Solamente il 3% della popolazione occupata guadagna più di 20 salari minimi (cioè più di 1500 dollari), il 26.5% guadagna da 2 a 20 salari minimi (da 150 a 1500 dollari) mentre la maggioranza della popolazione (52.9%) guadagna meno di due salari minimi, cioè meno di 150 dollari (il 17.8% restante non dichiara ecc.).

Gli inclusi rappresenterebbero circa il 30% della popolazione, cioè 45 milioni di persone: un mercato grande quasi come quello italiano e che può da solo sostenere un grande parco industriale. Bisogna però precisare che esistono fra gli inclusi grandissime differenze di rendita e di potere (economico e politico) che non possono essere dimenticate: la principale è quella fra capitalista e salariato.

Apartaìção

Circa il 50% della popolazione resta fuori o ai margini di questo mercato: sono gli esclusi, cioè più di 70 milioni di persone. E anche fra di loro ci sono grandi differenze, fra chi guadagna poco, ma riesce a mantenere un impiego permanente, anche se con rotazione e bassi salari (che sono qui lavoratori intermedi tra i due gruppi) e quelli che vivono permanentemente fuori dal sistema, sotto la fascia della povertà assoluta, che oggi sono calcolati in circa 32 milioni di persone.

L’analisi di Cristovam Buarque sull’apartheid sociale è più complessa di quanto sommariamente presentato qui, perché include gli aspetti culturali e propone anche una lettura delle relazioni internazionali in termini di apartheid. Consiglio a tutti di leggere il libro, se possibile prima di partire per il Brasile, perché può essere una chiave di lettura preziosa per capire le varie realtà che si visitano.

Solo per dare un esempio: in João Pessoa – capitale di uno degli Stati più poveri della Federazione, con un parco industriale inespressivo, che produce meno del 3% del PIL brasiliano – sono state aperte negli ultimi due anni 6 concessionarie di automobili importate, il cui prezzo più basso è 20.000 dollari (equivalenti a 266 salari minimi). La compagnia telefonica ha iniziato le iscrizioni per i telefoni cellulari e già 1000 persone si sono iscritte, ecc.

Ma sono sicuro che molti lettori di Madrugada, soprattutto chi proviene dalla cultura marxista, si stanno facendo la domanda fatale: e la centralità del conflitto fra capitale e lavoro dove la mettiamo?

Per ora la lasciamo in sospeso per ulteriori approfondimenti: io credo che non abbia perso la sua validità, ma che deve essere reinterpretata in questo nuovo contesto sociale.
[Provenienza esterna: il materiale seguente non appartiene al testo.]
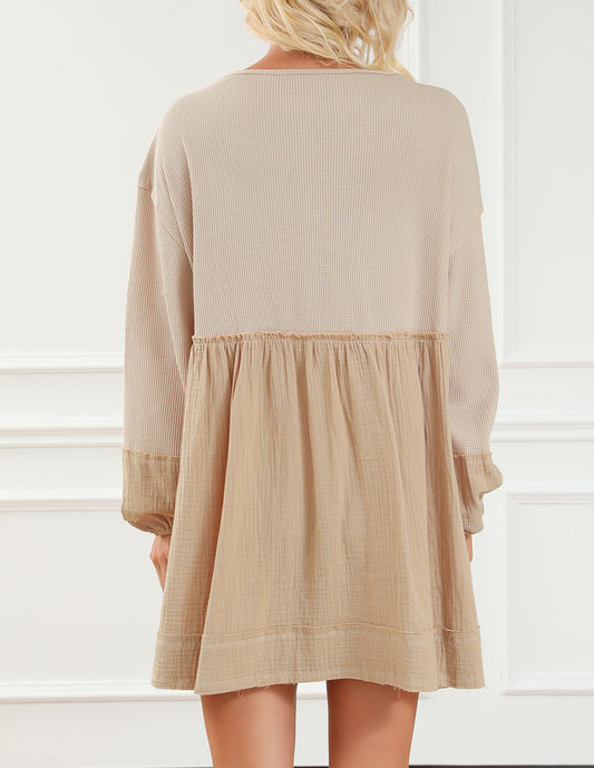 Waffle Crinkle Patchwork Raw Seam Mini Dress
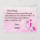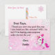 Söta rosa och vita snöflingor, med en bedårande enhörning och ett personligt brev från Tomten på framsidan. Baksidan har en plats för ditt barn att skriva sin jul önskelista.
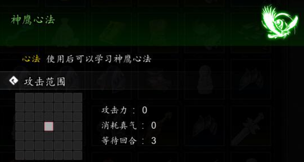 使用后自身真气+15%,闪避+10%,闪避强化效果持续3回合,使用不消耗真气。
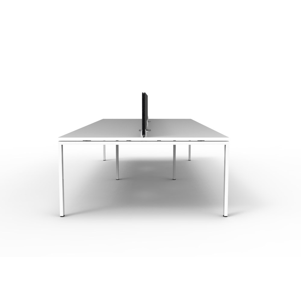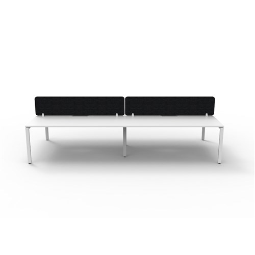 • 4 person double sided workstation with White top and White Satin frame, Black Eco screen.
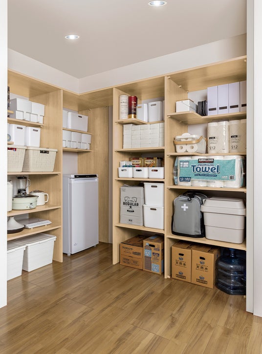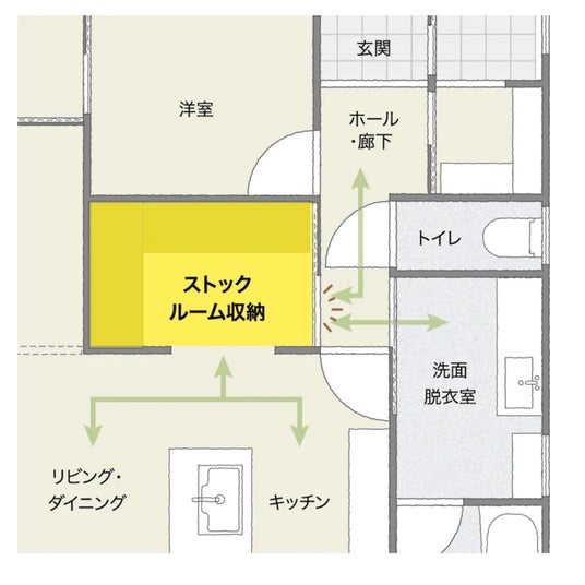 この納戸スペースを機能的にするために、収納物を1ヶ所で計画的に管理することで必要なタイミングで必要な量の物を取り出せる「ストックルーム収納」としての活用をご提案いたします。
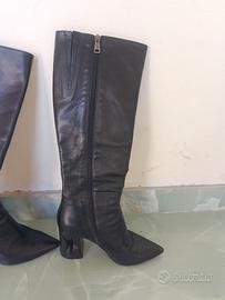 Vendo stivali in pelle fino al ginocchio, tacco particolare numero 37
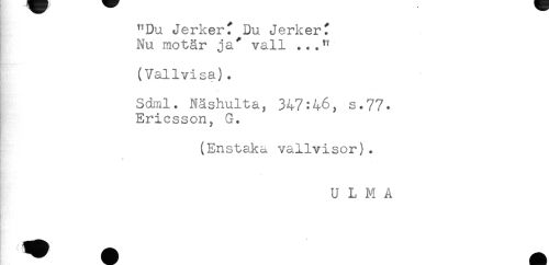 //// ^Du Jerkerf Du Jerkerf //// Nu motär ja^ vall . . . //// (Vallvisa). //// Sdrnl. Näshulta, 347:46, s.77* //// Ericsson^ G. //// (Enstaka vallvisor). //// - //// U L M A ////
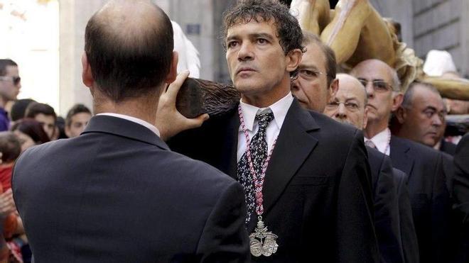 málaga. El actor Antonio Banderas, tras pronunciar el sábado el pregón de la Semana Santa malagueña, cumplió ayer con la tradición de que el pregonero traslade al Cristo de la Sangre desde la Parroquia de San Juan hasta la casa hermandad de la cofradía, aunque él participó en la salida desde la iglesia y los primeros momentos del recorrido. El domingo, dirigirá el trono de la Virgen de Lágrimas y Favores de su cofradía. Foto: efe
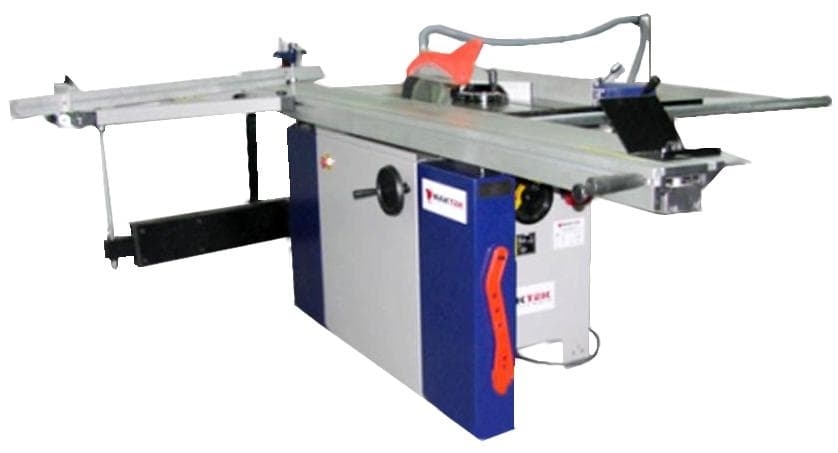 Пила форматно-раскроечного станка установлена на шпинделе, который имеет возможность настройки поворота относительно рабочего стола. Стальной, удобный корпус станка со столом из литого чугуна и с передвижным алюминиевым столом, изготовленным из профильного алюминия повышенной прочности – стол станка является очень прочным и устойчив к искажениям.
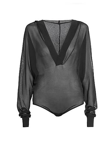 Прозрачное боди с капюшоном и глубоким V-образным вырезом от Alaia, длинными рукавами, Италия
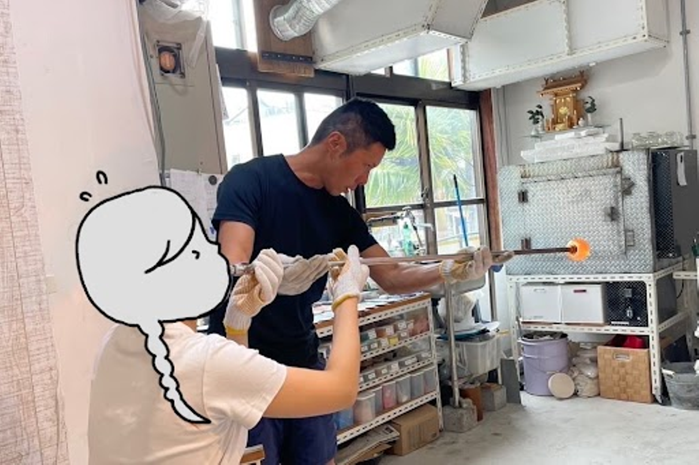 私は「ガラス体験」に挑戦! 初めての体験で息の強弱が難しかったですが、スタッフさんの補助もありかわいい作品が作れました。
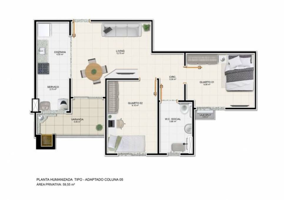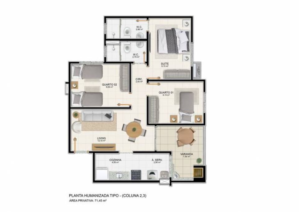 Área Total: 71,45 m²Área Construída: 71,45 m²
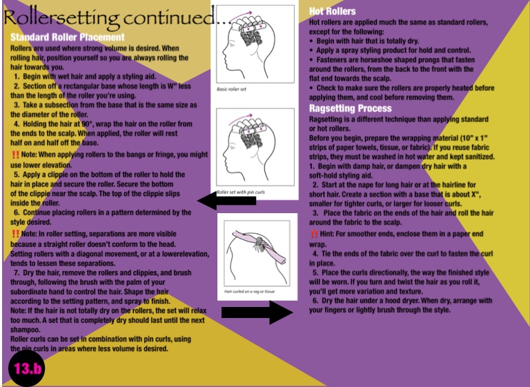 Note: If the hair is not totally dry on the rollers, the set will relax too much. A set that is completely dry should last until the next shampoo.
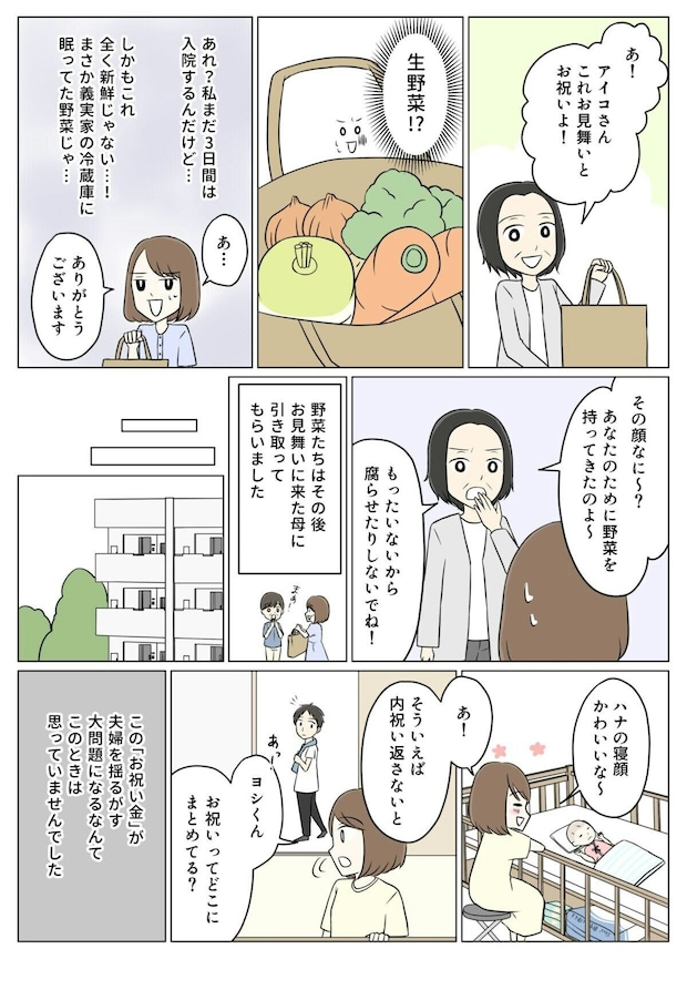 産後、病院へお見舞いに来た義母と義理の妹。手土産はまさかの野菜…
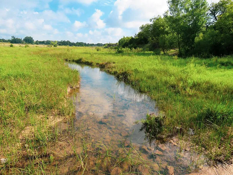 The ranch topography consists of mostly rolling native grassland with several scenic tree lined draws and creeks. One of the nicest features of the ranch is the two live water creeks that traverse the property. Elevations on the ranch range from 2,850 feet in northern portions of the property, to 2,640 feet in the southern creek bottom areas.

Per ora è importante capire che questa categoria ci permette di fare un esercizio di interpretazione di alcuni fatti della congiuntura. Per esempio cito alcuni dei fatti più rilevanti a partire da luglio/agosto di quest’anno:

– massacri (chacinas) della Candelaria (Rio de Janeiro), degli indios Yanomami, della favela di Vigàrio Geral (Rio de Janeiro): in quasi tutti, gli esecutori sono poliziotti e operano con la connivenza delle forze di polizia;

– scandalo della commissione di bilancio del Congresso nazionale: un alto funzionario della commissione ha confessato il sistema di corruzione fra alcuni deputati; i grandi impresari – soprattutto le grandi imprese di costruzione – ministri del governo e altre autorità pubbliche: cifre di varie centinaia di milioni di dollari, che erano divise fra le persone interessate in uno schema molto simile alla Tangentopoli italiana;

– accordo tra il Sindacato dei metalmeccanici, le fabbriche di automobili e il governo che ha permesso l’aumento della produzione di veicoli, dove il punto centrale è stata la diminuzione delle tasse sulle macchine;

– revisione costituzionale, cioè apertura del processo di riforma della Costituzione del 1988, promossa dai gruppi di pressione dominanti, con l’obiettivo di aumentare ancor di più il suo controllo sullo Stato e di sgravarsi delle obbligazioni verso la società. Vogliono in sostanza ampliare le privatizzazioni per comprare a prezzi infimi il patrimonio pubblico e creare nuovi monopoli privati e allo stesso tempo vogliono diminuire la presenza dello Stato nella previdenza sociale e altri servizi…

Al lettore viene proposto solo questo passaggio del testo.